L’Allemagne prépare un réarmement massif face aux tensions transatlantiques et à l’agrandissement du fossé avec les États-Unis
Dans un contexte de tensions croissantes avec les États-Unis et de pressions sécuritaires de plus en plus fortes, les leaders du futur gouvernement allemand, composés principalement des partis conservateur et social-démocrate, ont annoncé un plan ambitieux visant à renforcer les capacités militaires de l’Allemagne. Ce projet de réarmement, sans précédent en termes d’investissement, répond à la nécessité d’adapter l’armée allemande aux défis contemporains, notamment en raison des ruptures transatlantiques amorcées sous l’administration de Donald Trump.
Les deux partis, en pleine négociation pour former un nouveau gouvernement, ont détaillé leurs propositions mardi soir. Le futur chancelier conservateur, Friedrich Merz, a déclaré que l’Allemagne serait prête à ouvrir les vannes des dépenses publiques pour financer ce renforcement militaire, même si cela implique de rompre avec des décennies d’orthodoxie budgétaire. « Compte tenu des dangers qui menacent notre liberté et la paix sur notre continent, le mot d’ordre pour notre défense doit être : quoi qu’il en coûte ! », a souligné Merz, mettant en exergue l’urgence de cette transformation.
Un changement radical des priorités budgétaires Dans cette optique, les deux formations politiques envisagent de demander un vote à la Chambre des députés la semaine prochaine pour assouplir les règles constitutionnelles relatives au déficit budgétaire annuel. Le mécanisme du « frein à l’endettement », qui limite le déficit à 0,35 % du PIB, serait partiellement levé, permettant ainsi d’augmenter les dépenses de défense au-delà du seuil de 1 % du PIB, sans contrainte. Selon Manuela Schwesig, une négociatrice du SPD, le projet est d’atteindre « au moins 100 milliards d’euros par an » pour les dépenses militaires, soit deux fois le montant actuellement alloué.
Cette réforme budgétaire pourrait permettre à l’Allemagne de s’approcher du seuil de 3 % du PIB pour la défense, une norme que l’OTAN envisage d’imposer à ses membres dans un futur proche. Le ministre de la Défense, Boris Pistorius, a qualifié cette démarche d’ « un jour historique » pour l’armée allemande et pour l’Allemagne elle-même, soulignant le rôle moteur que le pays pourrait désormais jouer au sein de l’OTAN et en Europe pour renforcer la sécurité collective.

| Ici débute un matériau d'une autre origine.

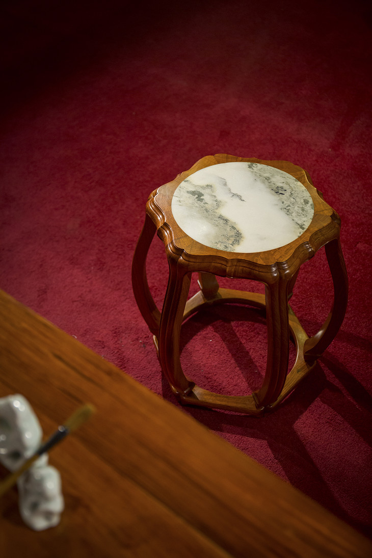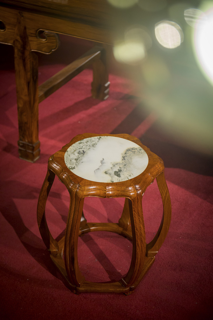 48 石面 六足海棠 圆鼓凳
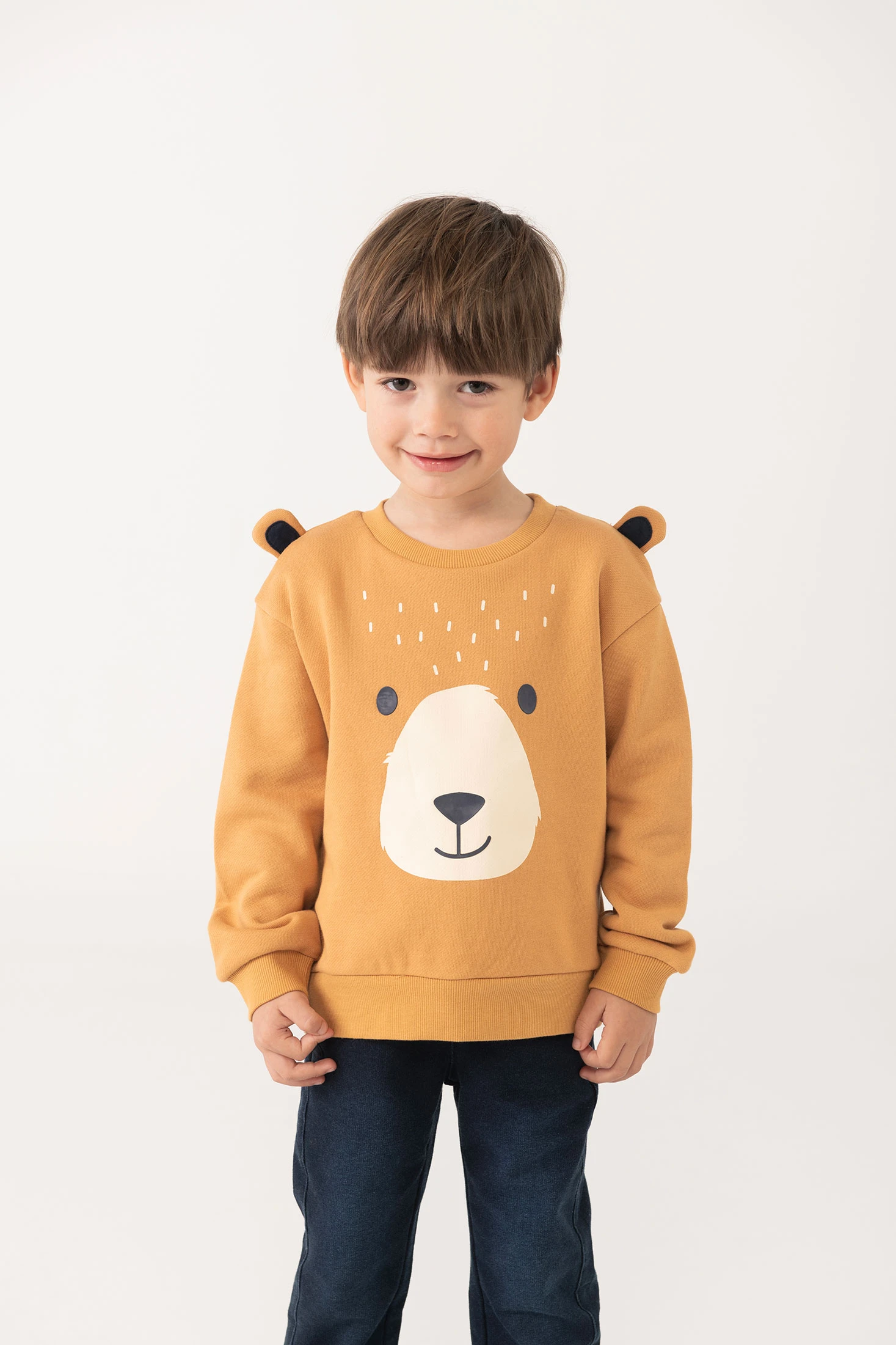 Yellow fleece sweatshirt for boys, designed to provide warmth and comfort during the colder months. Crafted from soft fleece, it ensures an ideal feeling of warmth for autumn and winter. The cheerful yellow colour adds a touch of energy to a child's wardrobe, while its long-sleeve design ensures maximum protection against the cold. Available in sizes from 12 months to 10 years, it is perfect for pairing with jeans or casual trousers for any occasion.
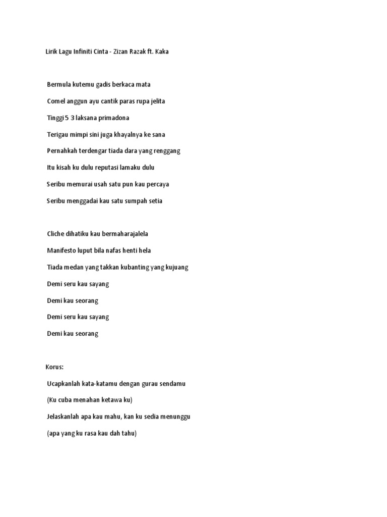 Lirik Lagu Lagu Lirik Lagu Infiniti Cinta
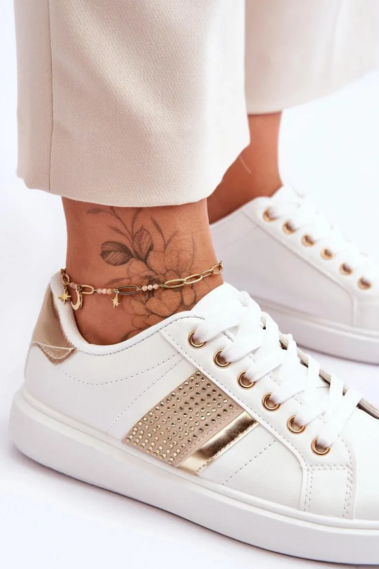 Damskie buty sportowe zostały wykonane z eko skóry. Model ten jest klasycznie sznurowany. Buty posiadają z boku cholewki ozdobne dżety. Świetnie sprawdzą się jako obuwie na co dzień, do pracy czy szkoły. Buty te osadzono na platformie. Wkładka została wykonana z materiału. Przy wyborze rozmiaru prosimy kierować się tabelą rozmiarów.
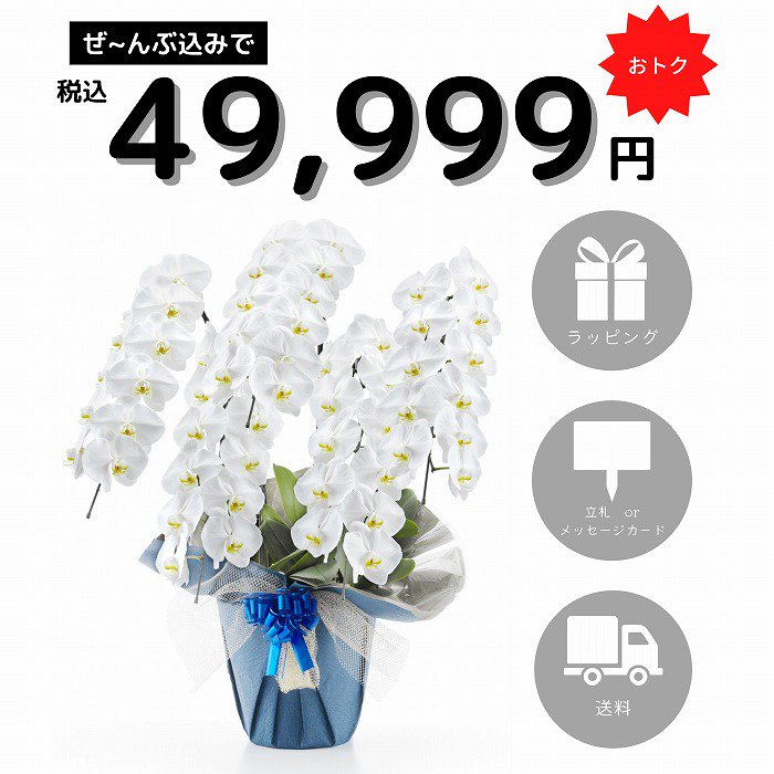 こちらの胡蝶蘭は「胡蝶蘭・送料・税込」でのぽっきり価格で購入ができる大変便利な胡蝶蘭です。
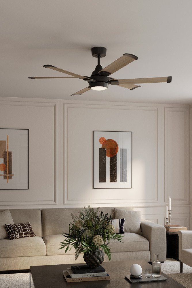 The Soarin ceiling fan delivers powerful, efficient airflow with a clean, transitional presence.
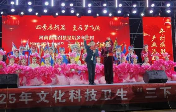 为丰富基层群众精神文化生活,展现乡村振兴的丰硕成果,12月23日,以“四季展新篇 皇后梦飞扬”为主题的河南省南召县皇后乡辛庄村“四季村晚”示范展示活动热闹开演。此次活动由南召县文化广电和旅游局、皇后乡人民政府主办,皇后乡文化合作社、南召县文化艺术发展中心、南召县图书馆、南召县文化馆联合承办,为现场600多名群众带来了一场独具乡土风情的文化盛宴。
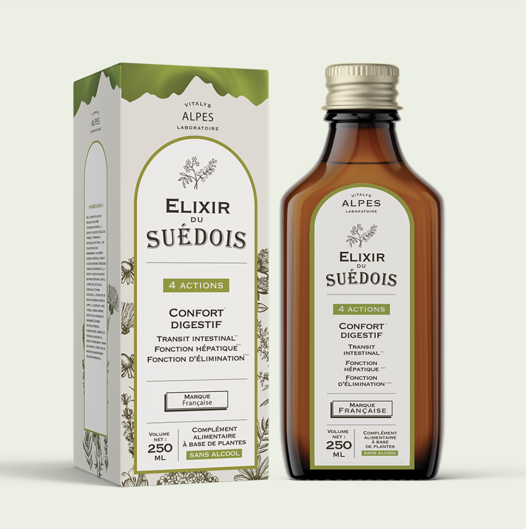 Notre mode de vie moderne (alimentation déséquilibrée, stress, tabac, alcool…) peut avoir des influences sur notre appareil digestif et le déséquilibrer. Résultat : ballonnements, transit irrégulier et accumulation de toxines au niveau du foie. Les fonctions détoxifiantes sont alors sursollicitées, réduisant l’élimination naturelle des toxines et entraînant fatigue et perte de vitalité. Pour retrouver confort et énergie, il est essentiel de soutenir l’équilibre digestif et les fonctions naturelles d’élimination. En plus d’une alimentation variée et équilibrée, notre Elixir du Suédois peut vous y aider.
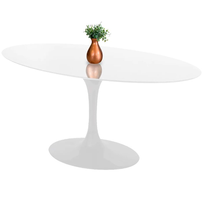 Com um design único criado no ano de 1956 pelo renomado finlandês Eero Saarinen, a Mesa de Jantar Oval Saarinen Branca com Tampo Coverglass é símbolo de modernidade, sua estrutura em alumínio fundido com pintura automotiva branca e exclusivo polimento Bella Brasil Decor trás resistência e charme para a peça além é claro da modernidade do tampo coverglass que une requinte e durabilidade.
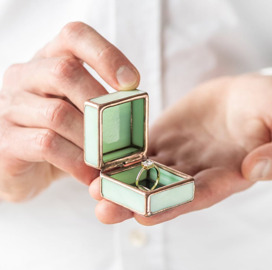 このゴージャスな手作りのリングボックスは、ウクライナのリヴィウに住む二人の兄弟によって作られました。彼らの家族はステンドグラスのビジネスを営んでおり、そこからこの美しい小さな箱が生まれました。
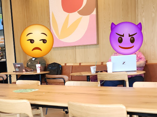 If Starbucks would power the center and window-side tables, this would literally be the best...
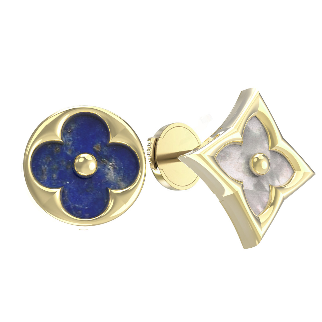 Серьги из лимонного золота 585 пробы c лазуритом и перламутром
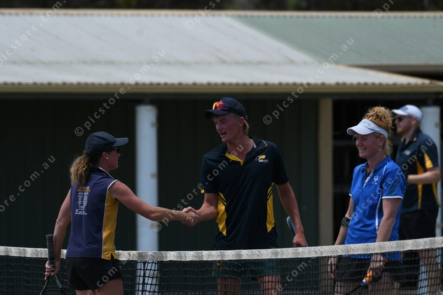 Colby Ackland and Megan Parish come in to shake hands with their Balaklava opponents at the end of the set. (529261)

Relance du service militaire et aide à l’Ukraine En parallèle de cet investissement financier, l’Allemagne relance le débat sur la réintroduction du service militaire obligatoire. Friedrich Merz a insisté sur la nécessité d’augmenter les effectifs de la Bundeswehr, précisant qu’il serait difficile d’assurer la défense nationale avec les effectifs actuels. Bien qu’il n’ait pas avancé de chiffres précis, il a souligné que la situation exigeait une mobilisation accrue des ressources humaines.
Pour montrer son soutien à l’Ukraine face à la guerre en cours avec la Russie, l’Allemagne a également annoncé qu’elle débloquerait rapidement une aide militaire supplémentaire pour Kyiv. Ce soutien, compris entre 3 et 3,5 milliards d’euros, fait suite à la décision des États-Unis de suspendre leur aide militaire à l’Ukraine. Merz a exprimé la volonté de l’Allemagne de compenser ce manque et de continuer à jouer un rôle actif dans le soutien à l’Ukraine.
Un tournant pour l’Allemagne Cette série de mesures marque un tournant pour l’Allemagne, traditionnellement réticente à augmenter ses dépenses militaires en raison de son passé historique. Toutefois, face aux évolutions géopolitiques mondiales et à la nécessité de répondre aux défis sécuritaires croissants, l’Allemagne semble prête à assumer une nouvelle posture en matière de défense, tant au niveau national qu’européen.